Welat Cagro

Personal information
- Date of birth: 31 May 1999 (age 27)
- Place of birth: Schaerbeek, Belgium
- Height: 1.89 m (6 ft 2 in)
- Position: Midfielder

Youth career
- 0000–2013: Anderlecht
- 2013–2014: Mechelen
- 2014–2016: OH Leuven
- 2016–2019: Gent

Senior career*
- Years: Team / Apps / (Gls)
- 2019: Urartu / 10 / (0)
- 2020–2021: Telstar / 28 / (1)
- 2021–2023: NAC Breda / 22 / (1)
- 2023–2025: Beerschot / 47 / (4)
- 2025–2026: Portimonense / 26 / (4)

= Welat Cagro =

Belgian footballer (born 1999)

Welat Cagro (born 31 May 1999) is a Belgian professional footballer who plays as a midfielder.

==Career==
===Early career===
Born in Schaerbeek, Brussels, to Kurdish parents, Cagro began playing football with his local club, where he was scouted by Anderlecht. Afterwards, he also played in the youth academies of Mechelen and Oud-Heverlee Leuven, where he left in 2016 sign for Gent, joining their youth teams.

===Urartu===
After failing to break through to Gent's first team, Cagro signed for Armenian Premier League club Urartu in 2019. He made his professional debut on 3 March 2019 in a 1–1 away draw against Noah, coming on as a substitute for Pape Abdou Camara. He made a total of 10 appearances for Urartu.

===Telstar===
For the second half of 2019–20, he signed for Dutch second division club Telstar. He made his first appearance for the club on 28 February 2019, coming on as a substitute in the 81st minute of a 2–2 draw against Jong Ajax, replacing Rashaan Fernandes. The competition was shortly after suspended and since cancelled due to the COVID-19, which meant that he only made one appearance for the club that season.

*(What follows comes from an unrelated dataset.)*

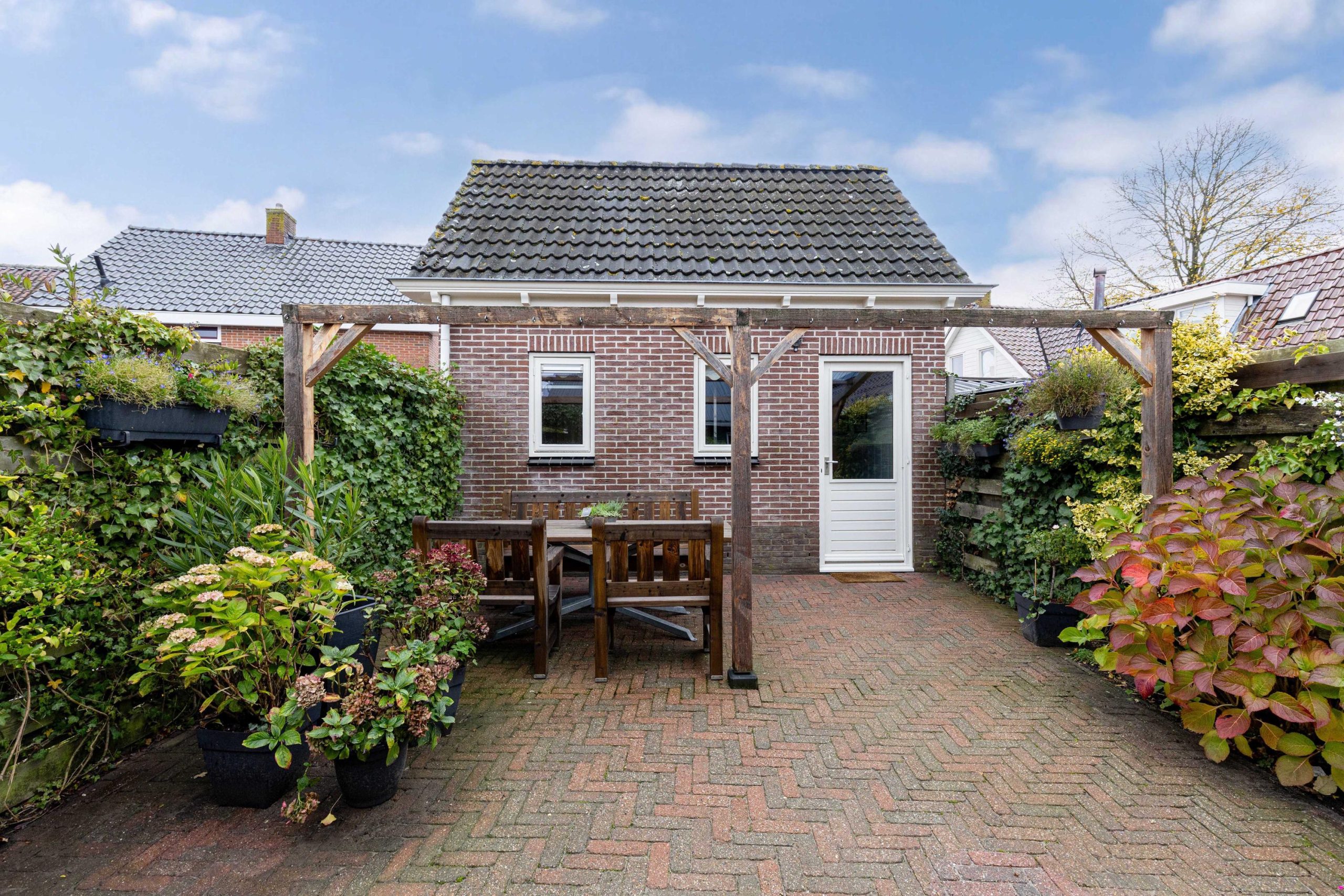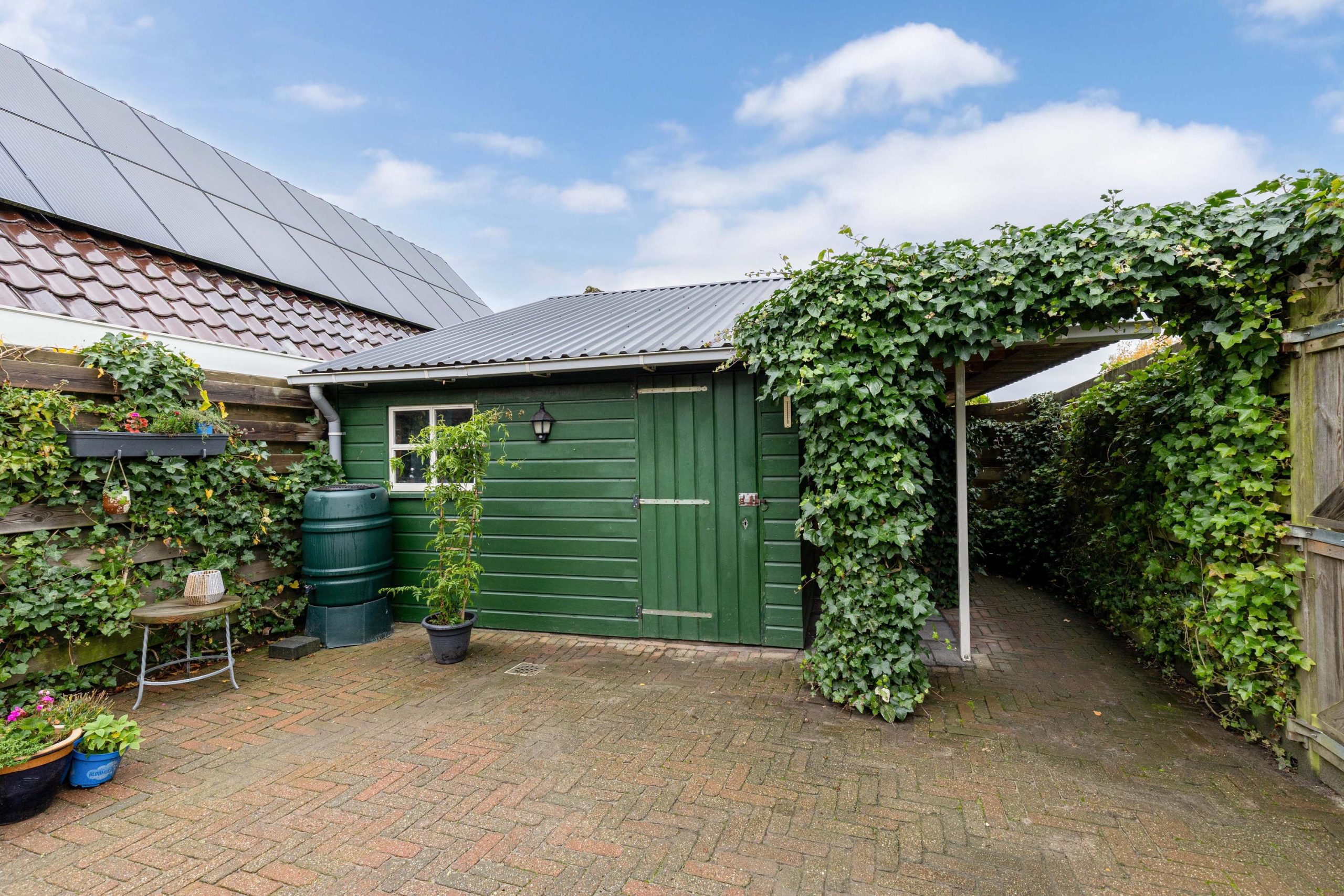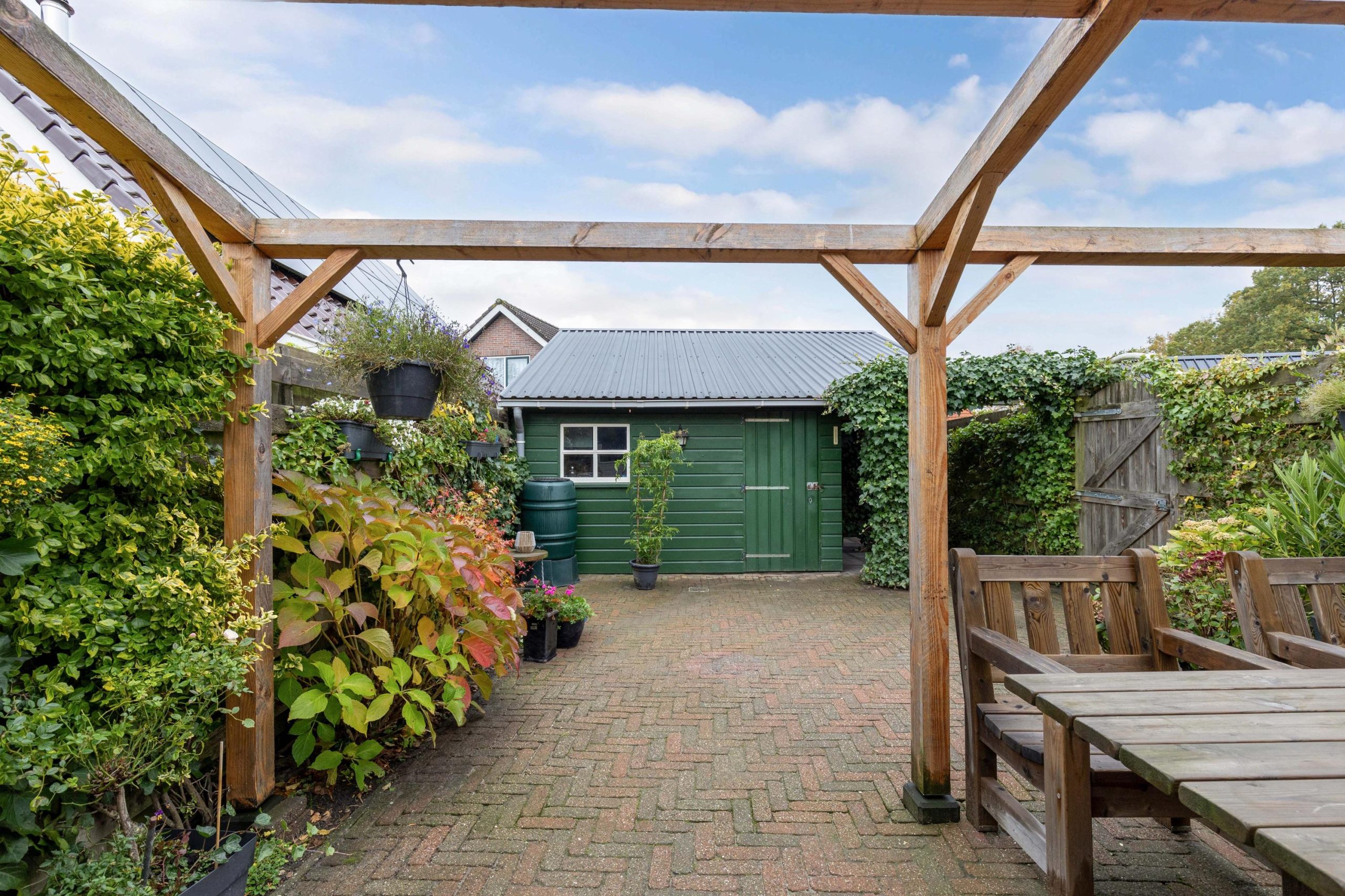 De achtertuin ligt op het zuiden, je hebt nagenoeg de hele dag de zon in de tuin. Verzorgd aangelegd met sierbestrating voor een groot terras en is er een pergola waarbij je een doek kan spannen voor schaduw op hete dagen. Achter in de tuin staat een vrijstaande berging/garage. In de berging is plek voor je fietsen en een werkbank en er is een doorloop naar de garage waar je de auto in kunt stallen of ruimte is voor een creatieve hobby. De toerit naar de garage loopt langs het huis. Ook is er een achterom aan de zijkant van de tuin voor de fietsen. De overkapping naast de berging is een handig klikohoekje en achter de garage is ook nog ruimte om spullen te stallen. De voortuin is onderhoudsarm en verzorgd aangelegd met sierbestrating en een grindborder.
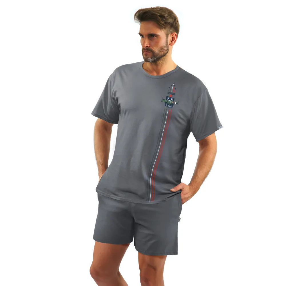 Bawełniana piżama męska, krótki rękaw i spodenki 2404 Military Sesto Senso - grafitowy

On 19 October 2020, Cagro scored his first professional goal, securing a 1–1 draw against Roda JC Kerkrade on a converted penalty kick shortly before full-time. He had replaced Sven van Doorm only seven minutes earlier. At the end of the season, he had made 28 appearances in which he scored once, as his contract with Telstar expired.

===NAC Breda===
In November 2021, Cagro signed with NAC Breda after a successful trial. On 19 November, he made his debut for the club in a 1–1 draw against Jong FC Utrecht in the Eerste Divisie, replacing Jarchinio Antonia at half-time.

Cagro's contract with NAC was terminated by mutual consent on 19 March 2023.

===Beerschot===
In June 2023, Cagro signed a two-year contract with Beerschot, and helped them to promotion to the Belgian top flight in his first season at the club, under first-team coach Dirk Kuyt.

===Portimonense===
In August 2025, Cagro signed a two-year contract with Liga Portugal 2 club Portimonense.